The first simulation is broken down into three parate analys. In the first analysis the inflation of the tire by a uniform internal pressure is modeled. Due to the anisotropic nature of the tire construction, the inflation loading gives ri to a circumferential component of deformation. The resulting stress field is fully three-dimensional, but the problem remains axisymmetric in the n that the solution does not vary as a function of position along the circumference. Abaqus provides axisymmetric elements with twist (CGAX) for such situations. The elements are ud to model the inflation loading. Only half the tire cross-ction is needed for the inflation analysis due to a reflection symmetry through the vertical line that pass through the tire axle (e Figure 3.1.1–2).

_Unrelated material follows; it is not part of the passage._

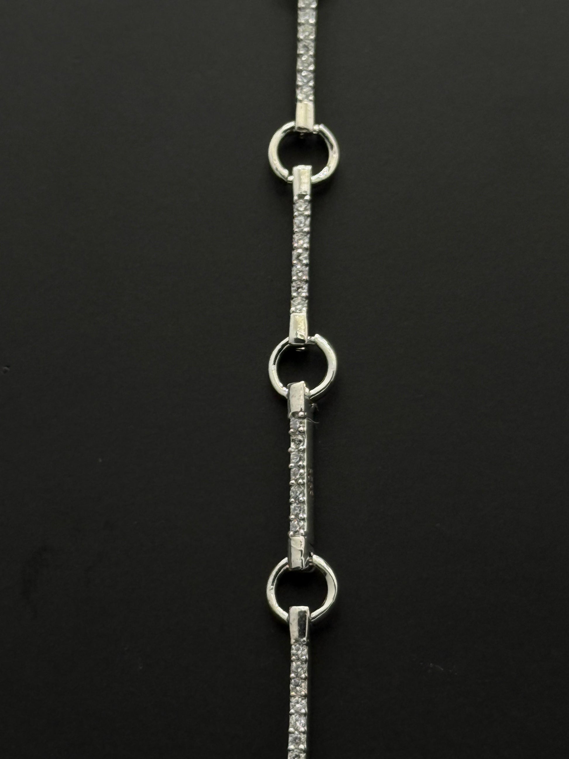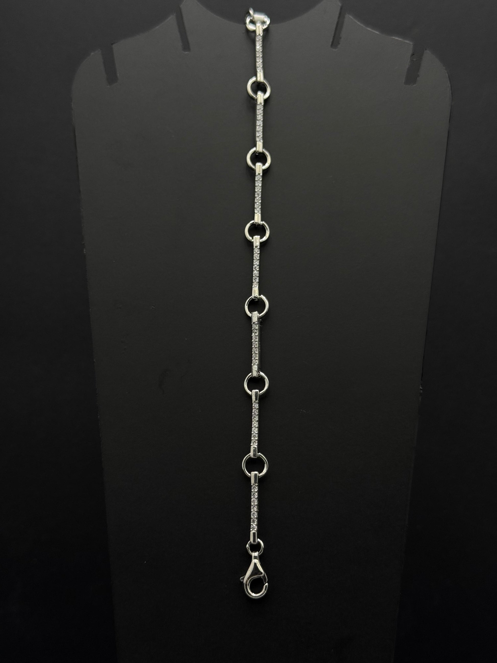 This elegant bracelet features a contemporary station design, crafted from silver-toned metal. Along its length, it alternates between sections of fine, delicate chain and captivating station elements. Each station consists of a small, polished silver-toned ring, which is connected to a segment of chain adorned with tiny, shimmering rhinestones or crystals, giving the appearance of pave setting. This interplay of smooth rings and sparkling segments creates a dynamic and sophisticated visual appeal. The bracelet concludes with a sturdier chain section and a clasp, allowing for adjustable wear. Its design is versatile enough for both everyday wear and for adding a subtle touch of glamour to more formal ensembles.
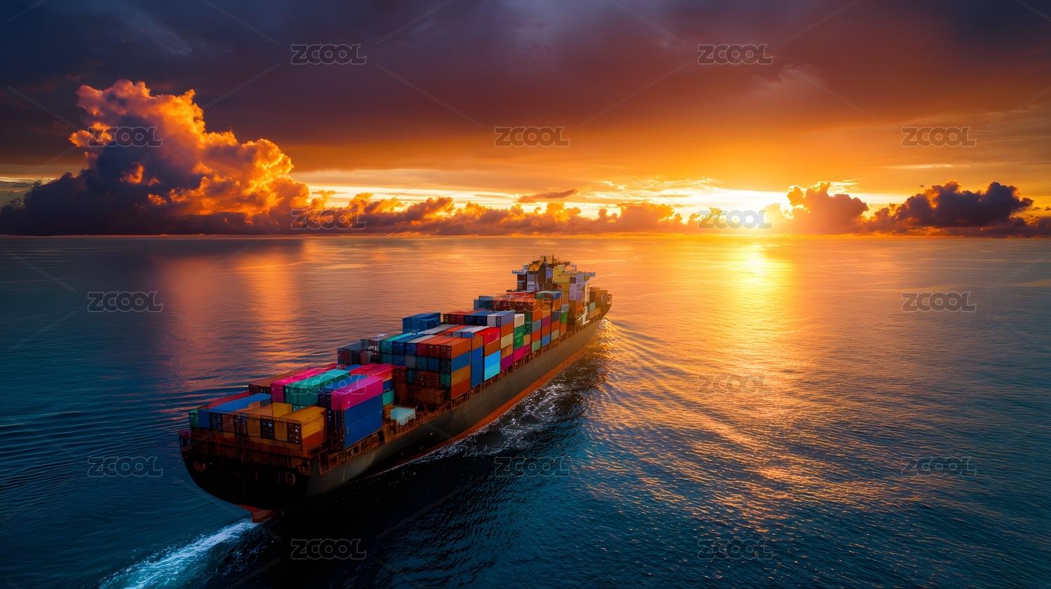 海运货船夕阳

We refer t
o this model as the axisymmetric model.第一个模拟分为三个独立的分析。在第一分析中,通过统一的内部压力对轮胎的充气进行建模。由于轮胎结构的各向异性性质,膨胀负载引起变形的周向分量。所得到的应力场是完全三维的,但是问题保持轴对称的解决方案不作为沿圆周的位置的函数变化的意义。Abaqus为这种情况提供具有扭曲的轴对称元件(CGAX)。这些元素用于模拟充气负荷。由于通过穿过轮胎轴的垂直线的反射对称性,仅需要一半的轮胎横截面用于充气分析(参见图3.1.1-2)。我们将这个模型称为轴对称模型。
The cond part of the simulation entails the computation of the footprint solution, which reprents the static deformed shape of the pressurized tire due to a vertical dead load (modeling the weight of a vehicle). A three-dimensional model is needed for this analysis. The finite element mesh for this model is obtained by revolving the axisymmetric cross-ction about the axis of revolution. A nonuniform discretization along the circumference is ud as shown in Figure 3.1.1–3. In addition, the axisymmetric solution is transferred to the new mesh where it rves as the initial or ba state in the footprint calculations. As with the axisymmetric model, only half of the cross-ction is needed in this simulation,
but skew-symmetric boundary conditions must be applied along the midplane of the cross-ction to account for antisymmetric stress that result from the inflation loading and the concentrated load on the axle. We refer to this model as the partial three-dimensional model.模拟的第二部分需要计算覆盖区解决方案,其表示由于垂直静载荷(建模车辆的重量)导致的加压轮胎的静态变形形状。这个分析需要一个三维模型。该模型的有限元网格是通过围绕旋转轴旋转轴对称横截面而获得的。使用沿着圆周的不均匀离散,如图3.1.1-3所示。此外,轴对称解被传送到新网格,在此处用作覆盖区计算中的初始或基本状态。与轴对称模型一样,在该模拟中仅需要横截面的一半,但是必须沿横截面的中平面应用倾斜对称边界条件以解决由充气加载和集中的负载在轴上。我们将这个模型称为部分三维模型。